Colluding insider threats can result in a slew of problems, including:
- Attempts to manipulate executive decision-making or influence boards of directors through continuous stock purchases by minority shareholders;
- Continuous failure of high-visibility, high-impact projects due to project leaders being restructured into areas or divisions in which they have limited experience or understanding;
- Hiding of major design flaws or failures in quality controls from both inspectors and consumers;
- Price gouging of consumers, especially on consumer products considered lifesaving or necessary for survival;
- Price dumping of cheap products or low-quality goods into poorer countries;
- Consistent failure of both public and private institutions due to fiscal mismanagement, poor management or no management;
- Collective bargaining by unions with the goal of bankrupting the target environment;
- Price wars at the local, regional or global level; and
- Hacktivism that has little structure and no tangible goal or apparent purpose — in other words, hacking for the sake of gratifying the player’s ego.

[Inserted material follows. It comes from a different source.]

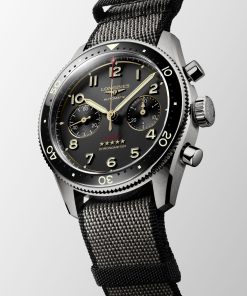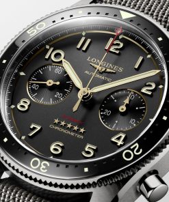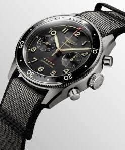 The LONGINES SPIRIT FLYBACK is a new addition to the brand’s pilot’s watch line, featuring a titanium case certified by COSC. It pays homage to Longines’ pioneering history in flyback chronographs, dating back to 1925. The watch combines a lightweight and durable Grade 5 titanium case with a bold 42mm design, blending dark shades with subtle shine. It is powered by the Longines L791.4 calibre, known for its precision, resistance to magnetic fields, and a 68-hour power reserve. The watch boasts a bidirectional rotating bezel with a black ceramic insert, a luminous anthracite dial, and Super-LumiNova®-coated hands and numerals for legibility. Water-resistant up to 100 meters, it comes with either an interchangeable titanium bracelet or a black and grey NATO strap designed specifically for this model.

The third phase of game theory kicks in when either party A or party B decides he or she will no longer collude with the other.
Phase Three: Defection
Understanding defection is not quite so simple. How often the players of the game defect is determined by the type of game. For example, if the game is linear or continuous, such as long-term industrial sabotage, the parties can defect as many times as necessary to reach their goal of controlling the environment. If it’s a single game, a party can defect only once. In industrial environments, a single game would have an ultimate goal of destroying the environment to the extent that recovery is impossible.
Insider threats that defect during a continuous game of industrial sabotage can trigger a variety of issues, including:
- Whistle-blowing at the public, private or regulatory level;
- The sale of highly classified information to lone-wolf terrorists, terrorist groups or terrorist sympathizers;
- Theft of highly sensitive or classified materials to be used in a persistent threat; and
- Theft of industrial information, controls or facilities to be held hostage by ransomware, malware or hacktivists seeking financial gain or elevated social status.
Insider threats that defect during a single game of industrial sabotage introduce a different set of problems:
- Complete destruction of private or public property;
- Complete destruction of internal controls, especially industrial controls that manage critical infrastructure;
- Complete sabotage of highly advanced military and defense research projects;
- Terrorist attacks that aim for deadly results; and
- Dissolution of a single company or a company and all subsidiaries.
In continuous games, defection is not the final phase of the game — the insider threat will simply start the game over by cooperating or colluding once again. In a single-instance game, defection is the end state, since one or both insider threats aim for complete destruction of the target environment.
Detecting and Thwarting Insider Threats
Unfortunately, game theory is extremely difficult to detect in any form, even for the most rigorously secured industrial environments. Security tools that employ behavioral analysis, pattern recognition, predictive analytics and cognitive capabilities enable industrial organizations to bolster their defensive capabilities.
For offensive capability, the industrial environment should establish a red team whose members understand the basic principles of game theory. Industrial environments that do not have the in-house expertise can purchase red team services from a handful of security services firms that offer them.